Although these phrases are not 100 percent guaranteed to work, they do work on people more often than not. Even with just one correct detail during a cold reading, the gypsy fortune teller will be able to establish trust between her and her victim.
An Evil Curse
This type of gypsy scam has been around for many, many years, and it is still incredibly prevalent today. This scam occurs when a “fortune teller” tells you that you are a victim of a curse and only their magic or a special spell can set you free. Of course, this spell would often require a lot of money in exchange for removing it.
Sometimes, the fortune teller will say that the curse comes from the money itself, so the cash will need to be destroyed.
Then, when you hand over a bag of money, the scammer will inconspicuously exchange it for something that’s worth much less, such as a wad of paper. In doing this, the gypsies will destroy the bag and keep your money for themselves.

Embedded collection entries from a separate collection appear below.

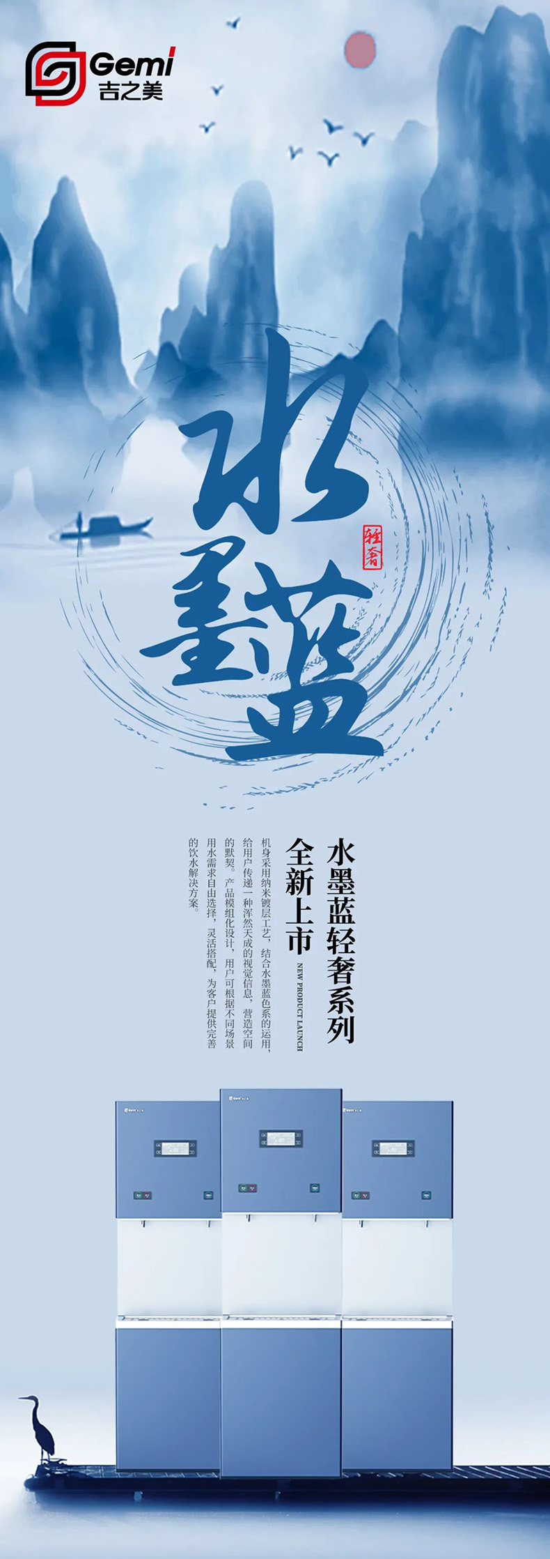 新品推荐 | “立如芝兰玉树,腹有锦绣乾坤 ”,吉之美水墨蓝轻奢系列之MY5云商务直饮机!
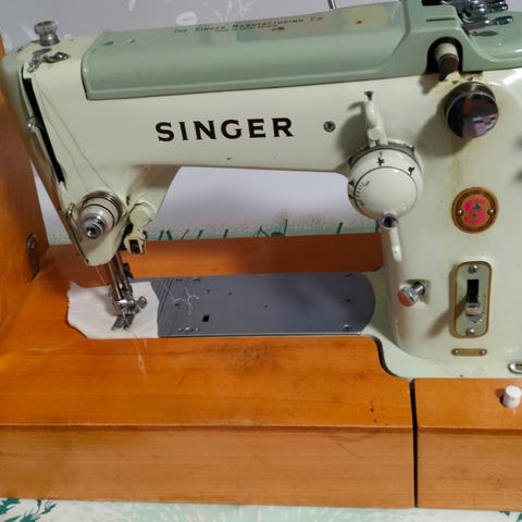 Singerin kone jossa on lamppu ja metallirasia ja muita osia.
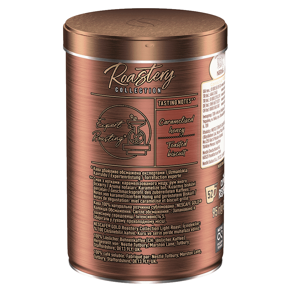 Goûtez à la saveur inégalée du café torréfié par lots avec NESCAFÉ® Gold Roastery Light Roast. Un café de luxe torréfié à la main par nos maîtres torréfacteurs pour créer une expérience sensorielle supérieure. Avec des notes de miel riche et caramélisé associées à des biscuits grillés, pour un final doux et velouté.
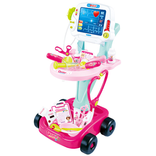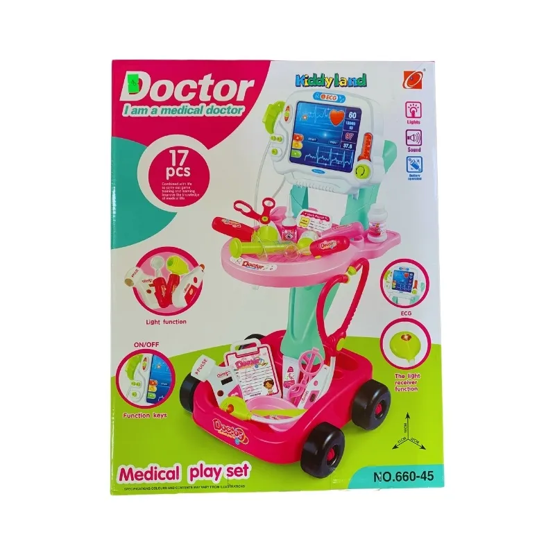El set incluye 17 accesorios y un cochecito para poder desplazarse con todos los instrumentos médicos. COMPOSICIÓN DEL CONJUNTO: • Un estetoscopio que reproduce el sonido de un latido del corazón e ilumina el corazón cuando se toca • el espejo dental retroiluminado • Lámpara de oído y nariz para el paciente • Termómetro con resultado iluminado – Control de temperatura • Jeringa • Medidor de presión arterial juguete •gafas • 2 x tijeras • Una tarjeta de identificación para pino • Imitación de gotas para los ojos • Imitación de líquido para desinfección manual

Gypsies will also offer to burn special blessed candles for you to get rid of your curse, with each candle costing $10 or more. When you return for a second reading to find out whether the candles worked, you’ll be informed that the curse is stronger than expected, and more candles had to be burned in your behalf.
Unsurprisingly, you are expected to pay for all the additional candles and the gypsies will promise to burn even more candles for your protection. This will continue until you decide to cut them off or you run out of money.
Usually, the gypsies will make their victims believe their fraud by using various sleight-of-hand tricks, such as cracking an egg open to see insects, blood, or a clump of hair inside.
These tricks are presented as proof of the presence of evil, and gypsies will claim that harm will come your way if you do not provide them with the right amount of money.
Here are 15 ways to how to tell if you’re cursed.
A Promise Of Healing For The Sick And Elderly
Another type of fortune-telling fraud includes looking for sick people and promising them that they can be healed for a price.
Many of the sick and the elderly end up draining their hefty savings accounts. or isolating themselves from their families, due to the persuasions of fortune-tellers.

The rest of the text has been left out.